As stated in the title of this topic, I am actively working to create a training video course on parallel programming and code optimization for high-performance systems based on Intel architectures. Below is more information about this course, a list of topics covered and laboratory work, as well as pilot episodes that will give an idea of ​​the content and format of this course.

In the current module, using the histogram construction example, two optimization techniques will be shown to improve the automatic vectorization of the code by the compiler and the performance results for the Intel Xeon CPU and Intel Xeon Phi coprocessor.
')



This course is being filmed for Intel in English, and will be used where I or my colleagues from the company cannot attend in person. The list of topics included in this video course is based on our one-day training.
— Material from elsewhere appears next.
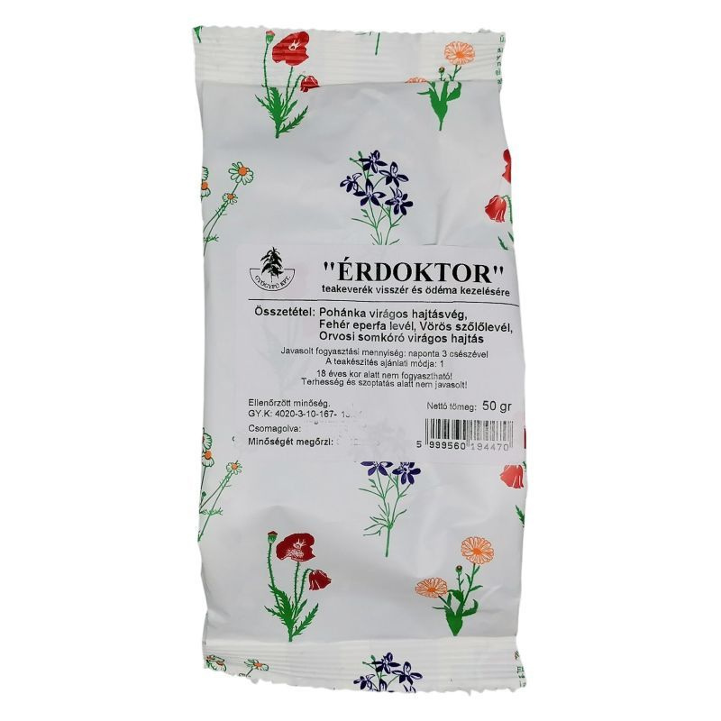 Az “ÉRDOKTOR” keringési zavarok, visszér, ödéma kiegészíto terápiához ajánlott teakeverék. Hatóanyagai erosítik az ereket és segítik a véráramlást, gátolják az erek elöregedését. Összetétel : Pohánka virágos hajtásvég, Fehér eperfa levél, Vörös szőlőlevél, Orvosi somkóró virágos hajtás. HASZNOS ISMERETEK AZ „ÉRDOKTOR” TEAKEVERÉKRŐL HOVÁ SOROLJUK? Krónikus vénás rendellenességek, keringési zavarok, visszér, ödéma kiegészítő terápiához ajánlott teakeverék. MIT TUDHATUNK A NÖVÉNYEKRŐL? A felhasznált gyógynövények mindegyike szerepel gyógyszerkönyvekben. A népgyógyászati tapasztalatok és laboratóriumi vizsgálati eredmények mellett, a terápiás hatásokat korszerű, humán klinikai kísérletek is bizonyítják. A vörös szőlő levél, pohánka virágos hajtás, fehér eperfa levél és orvosi somkóró virágos hajtás hatóanyagai egymást támogatva segítik a szervezet keringési rendszerét. MILYEN ELŐNYÖS HATÁSSAL JÁR FOGYASZTÁSA SZERVEZETÜNKRE? A vörös szőlő levél, fehér epefa levél és a pohánka virágos hajtás gyulladáscsökkentő hatása mellett flavonoid hatóanyagaik -antocianinok, rutin-erősítik az ereket és segítik a véráramlást, gátolják az erek elöregedését. Az orvosi somkóró herba esetében a kezelések során csökkent az ödéma mértéke, megszűnt a nehézláb-érzés. HOGYAN ALKALMAZZUK? 250 ml forró vízhez egy csapott evőkanál teakeverék javasolt, napi három alkalommal. 18 éves kor alatt nem adható! Terhesség és szoptatás alatt-kísérleti eredmények hiányában-nem ajánlott!
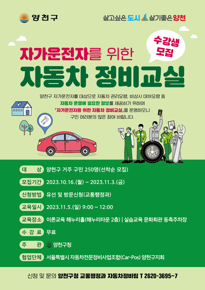 [시민일보 = 이대우 기자] 서울 양천구(구청장 이기재)가 오는 11월5일 해누리타운 해누리홀과 양천문화회관 동측 주차장에서 차량 관리 비법과 기초 정비 요령을 전수하는 ‘자가운전자를 위한 무료 자동차 정비교실’을 개최한다.

Slides for this course can be viewed at the following link: http://research.colfaxinternational.com/post/2014/10/13/CDT-Slides.aspx . When downloading a file with slides, the email and name are requested for internal statistics and are not included in mailings without the client's consent.
List of topics for training (in English)
  1. Welcome
    • About This Document
    • Disclaimer
    • Intel Many Integrated Core (MIC) Architecture
    • Purpose of the Intel MIC Architecture
    • Details of the MIC Architecture
    • Software Tools for Intel Xeon Phi Coprocessors
    • Will My Application Benefit from the MIC architecture?
    • Models for Intel Xeon Phi Coprocessor Programming
  2. Overview of Programming Options
    • Native Coprocessor Applications
    • Explicit Offload
    • Data and Memory Buffer Retention
    • Virtual-Shared Memory Offload Model
    • Handling Multiple Coprocessors
    • Heterogeneous Programming with Coprocessors using MPI
    • File I / O in MPI Applications on Coprocessors
  3. Expressing Parallelism on Intel Architectures
    • SIMD Parallelism and Automatic Vectorization
    • Thread Parallelism and OpenMP
    • Thread Synchronization in OpenMP
    • Reduction Across Threads: Avoiding Synchronization
    • Distributed Memory Parallelism and MPI
    • Summary and Additional Resources
  4. Optimization Using Intel Software Development Tools
    • Optimization Roadmap
    • Library Solution: Intel Math Kernel Library (MKL)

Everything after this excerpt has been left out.